Appendix B: About Digital Audio Files


Memory Requirements

Working with computer-based digital audio requires large amounts of hard disk space. If you are planning on creating new audio files on disk, you'll need enough hard drive space to contain them.

A good rule of thumb is:

Each minute of 16-bit stereo sound at 44.1 kHz requires about 10 Mbytes of disk space.

Thus, with an empty 200 Mbyte hard disk you can record a little less than 20 minutes of CD-quality stereo sound (precisely, 19 minutes, 20 seconds).

Sample Rates

Sample Rate values are indicated in Hertz (Hz), or "cycles per second." For professional audio work always use the 44,100 Hz (44.1 kHz) setting, which is the CD-quality sample rate. 22,050 Hz is considered acceptable quality for many interactive multimedia applications. 11,025 Hz is a low-resolution, "voice quality" sample rate. 8000 Hz is becoming a common Internet audio sample rate. Hyperprism-DX supports Wave files at all of these rates, and also offers 48 kHz recording as supported by your audio card and host application.  

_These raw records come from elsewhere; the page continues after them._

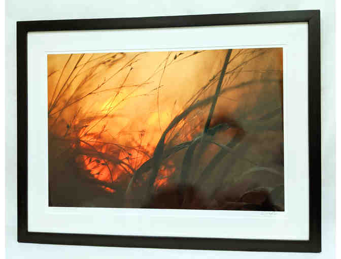 This beautiful photo captures the essence of the Flint Hills perfectly and would be a wonderful addition to your home. Photographic print titled "Grassland Sunset" in 20"x27" exhibition frame and printed by local artist on cold press fine art paper.
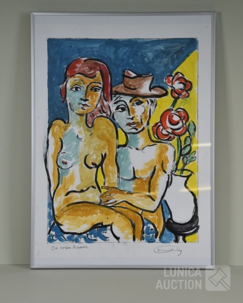 acrylverf op papier, ingelijst, achter glas. Afmeting (bxh) 50x70 cm. Gesigneerd R.O.
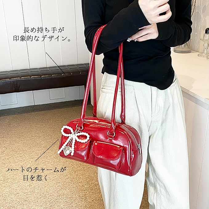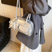 [Lapimou] ボストンバッグ 横長 肩掛け ショルダー レディース リボン 蝶結び シルバー a4 大きめ 大容量 人気 トレンド おしゃれ かわいい
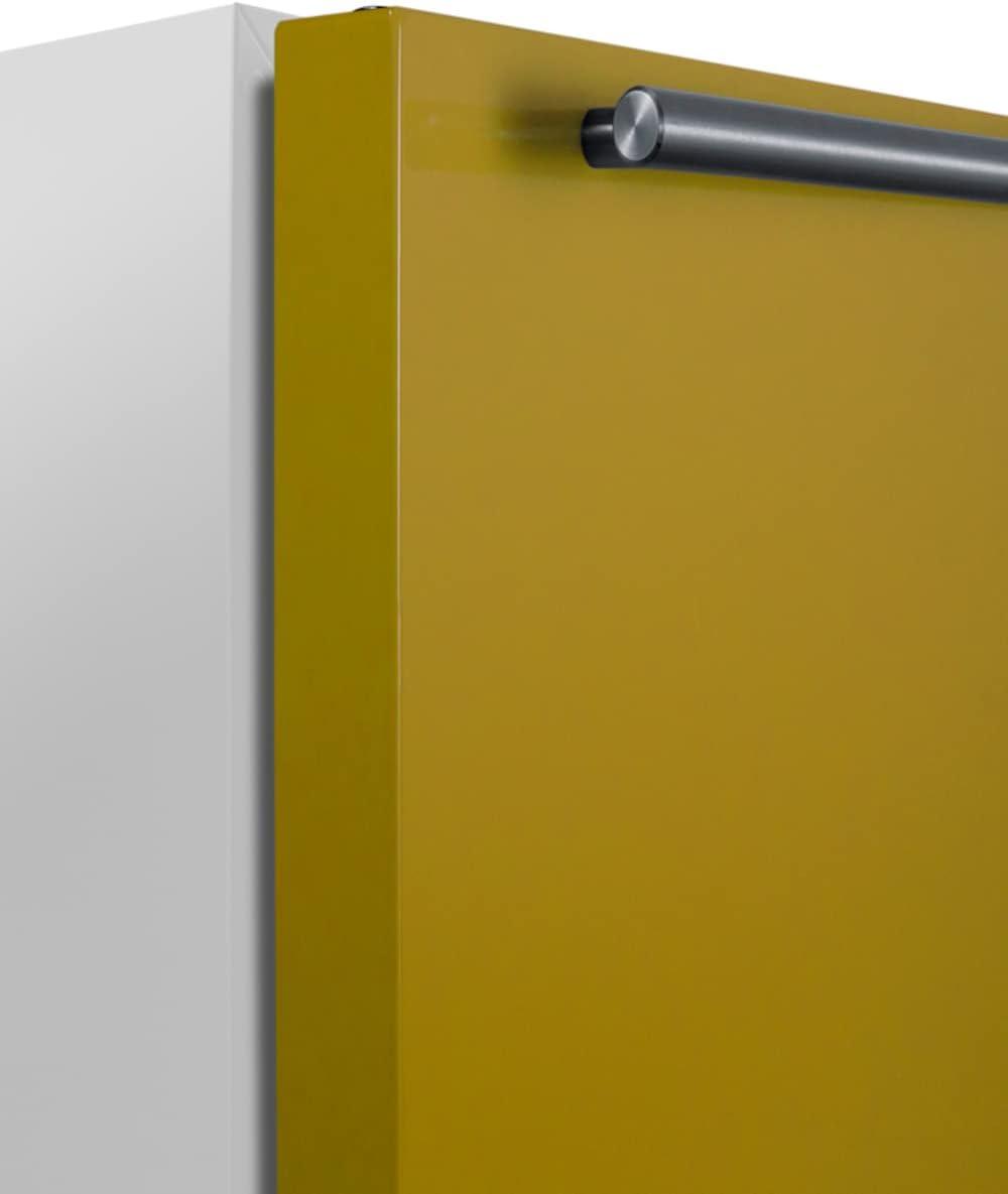 Model BRF611WHYADA is a 24″ wide refrigerator-freezer sized at just 32″ high for use in ADA compliant settings, with a generous capacity of more than 5 cu.ft. to meet general storage needs. The door comes in a bright saffron gold hue, with a sleek horizontally mounted stainless steel handle and matching stainless steel kickplate to complete the unique look. This unit has a white exterior cabinet. It is manufactured in Europe and modified in the United States with domestic steel finishing.

Using a lower sample rate file will proportionally reduce your disk storage requirements, i.e. a 22 kHz file will only take half the space of the same sound stored at the audio-CD rate of 44.1 kHz. However, using a lower sample rate will reduce the high frequency response of your sounds.

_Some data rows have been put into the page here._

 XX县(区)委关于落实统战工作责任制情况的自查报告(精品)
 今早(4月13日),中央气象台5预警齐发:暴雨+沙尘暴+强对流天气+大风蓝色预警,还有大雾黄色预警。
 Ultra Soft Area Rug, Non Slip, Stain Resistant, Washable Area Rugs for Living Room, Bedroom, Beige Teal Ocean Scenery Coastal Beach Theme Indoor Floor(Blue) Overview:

To avoid aliasing (a metallic-sounding type of digital audio distortion), don't use high-frequency filter settings above about 10,000 Hz when using 22 kHz sample rates, or settings above 5,000 kHz for 11 kHz sounds.

Bit Depth

Hyperprism-DX and Ray Gun support 8- and 16-bit audio files.  In addition, Hyperprism-DX and Ray Gun plug-ins can process 24-bit files if your host application supports them. 

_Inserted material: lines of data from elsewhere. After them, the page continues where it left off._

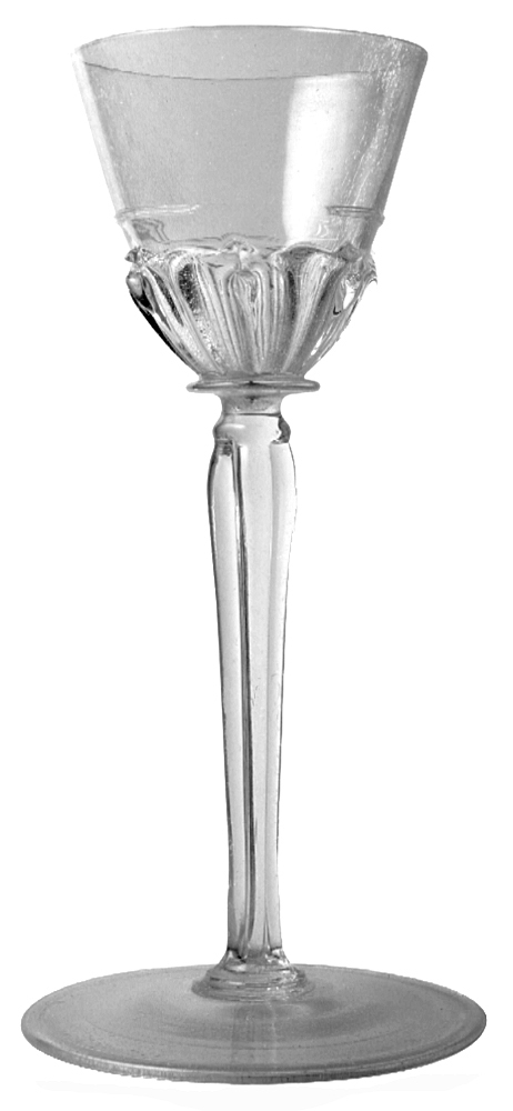 VINGLAS. På högt, smalt ben. Kuppa av omvändt koniskt form med en blomholkliknande nederdel av vertikalt ordnade kamliknande påläggningar. Därovanför två intill varandra horisontalt liggande trådar, kuppan nedtill med en skivformigt utstående kant. Benet sammansatt av fyra nedåt avsmalnande stavar, ställda intill varandra samt nedtill tvärt avslutade med en liten rund skiva på den stora, runt skivformiga foten på vars utsida, i mitten, en medels slipning avjämnad brottyta efter punteln. Höjd: 20,8, diameter: 7,7 cm. Fot, diameter: 10,1 cm.
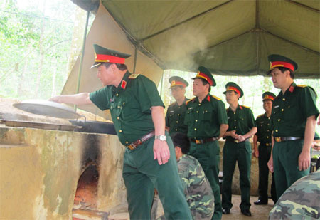 Thủ trưởng Bộ tư lệnh Công binh kiểm tra cơ sở vật chất của Lữ đoàn 249 phục vụ tập huấn cán bộ công binh toàn quân năm 2014. Ảnh: Vũ Xuân Dân.
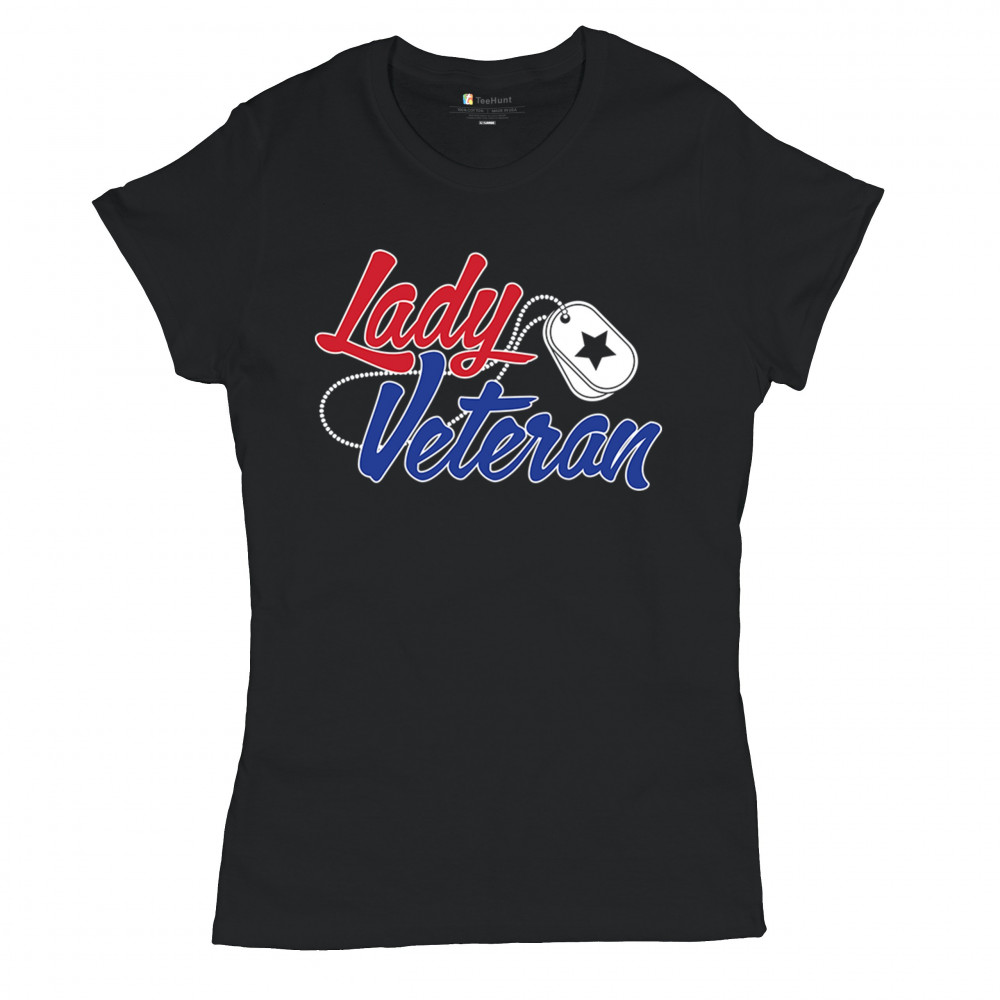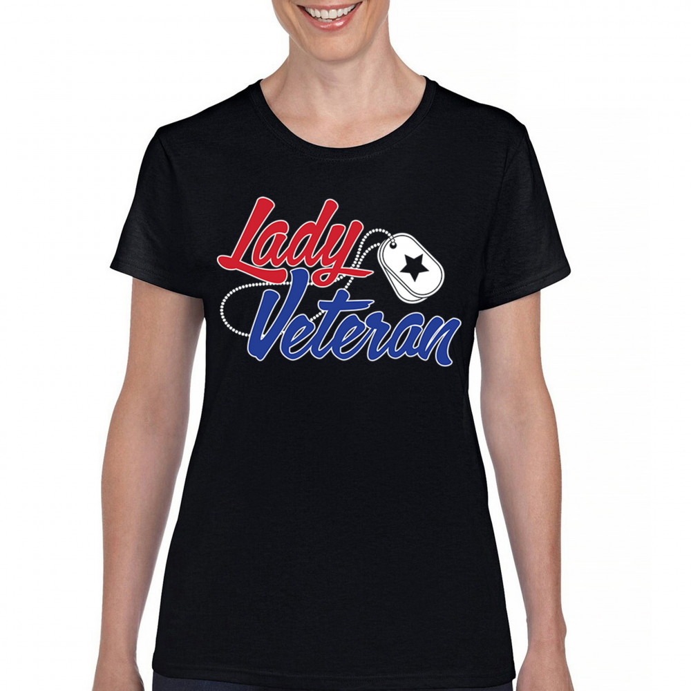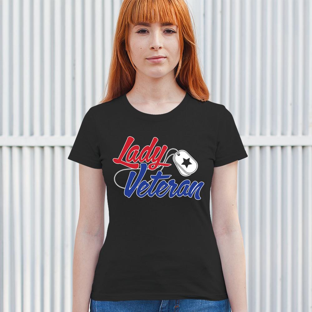 Celebrate female veterans with our "Lady Veteran" shirt. Bold red and blue design, perfect for Veterans Day and everyday wear. Honor and pride in service.
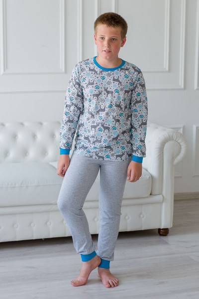 Пижама детская из джемпера и брюк из кулирки Олененок голубой (АМ)

Lower resolution formats reduce storage space requirements. Unfortunately, lower bit depth and sample rate settings can compromise the audio quality of your sound files. Lower sample rates lose high frequency response, and 8-bit storage causes a reduction of your sound's dynamic range, resulting in noisier, "grainy-sounding" audio, especially during softer passages.

If you are creating 8-bit audio (for example, for multimedia or Internet distribution), you will get best results if you do all your signal processing at 16-bits and 44.1 or 48 kHz, and then create an 8-bit file at the end of the process.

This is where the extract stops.